# Does anyone know of any rat rescues in Germany?



## RubyFeuer (Mar 3, 2011)

I'm moving there in June and wanted to know if anyone knew of a rat rescue in Germany. I'll be on the east side of Germany, but I'd drive since at most it would be like 5.5 hours about. And if you do know of them do you know if they fix their rats?


----------



## Lou (Apr 26, 2011)

Where abouts in Germany are you? are you looking for rats to adopt you mean?

I live on the border of Weil am Rhein in Hinigue France and on the border of Basel Switzerland, basically I can be in all 3 coutries within 2 mins 

I have 5 males I am trying to re-home, they were 4 weeks old yesterday.
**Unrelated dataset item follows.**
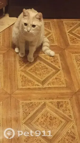 Рыжая, но не ярко рыжая а с молочно рыжая с полосами. Глазки желтые. Очень пугливая, боиться всего, но если протянуть руку и дать обнюхать идет на контакт и дает себя гладить, потому что очень ласкучая. Выпала с балкона пятого этажа в ночь со 2 на 3. Обнаружили пропажу только утром. Зная ее характер, она скорее прячется в очень укромном месте.
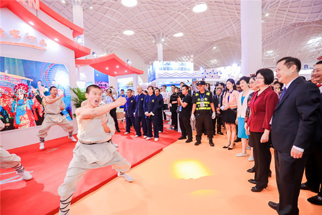 博覽會(huì)期間,河南省文化和旅游廳在展會(huì)大廳舉行了“豫見中國·老家河南”文化旅游專場推介會(huì),河南省文化和旅游廳廳長姜繼鼎、副廳長周耀霞出席了推介會(huì)。河南省文化和旅游廳廳長姜繼鼎在推介會(huì)致辭中表示,河南是中華民族和華夏文明的重要發(fā)祥地,中國八大古都有四大古都在河南;河南段黃河在母親河中占據(jù)有突出的地位,黃河文化是中華民族的根與魂;河南是中國功夫“少林拳”、“太極拳”兩拳的發(fā)源地;河南濮陽是中國雜技故里;河南大別山、伏牛山、太行山奇山麗水,文旅資源豐富,是休閑度假的好去處……希望廣大參展商和社會(huì)各界朋友共同傳播河南聲音、講述河南故事,到河南品文化、游山水、學(xué)功夫。

This post is 2 months old but ya never know!


----------



## Terpsichore (May 28, 2011)

You might want to look at your nearest "Tierheim" (Animal Shelter) when you get there. I know the one here in Munich has rats. You can also look here on this website: http://www.rattennothilfe.de/?seite=vermittlung They have a few suggestions there. It sounds like you are moving there from another country. If you do not speak German yet, you can try contacting them and they might be able to point you in the right direction. It is extremely likely they speak English. If you already speak German, or are even German, my apologies for the misinterpretation. :-[


----------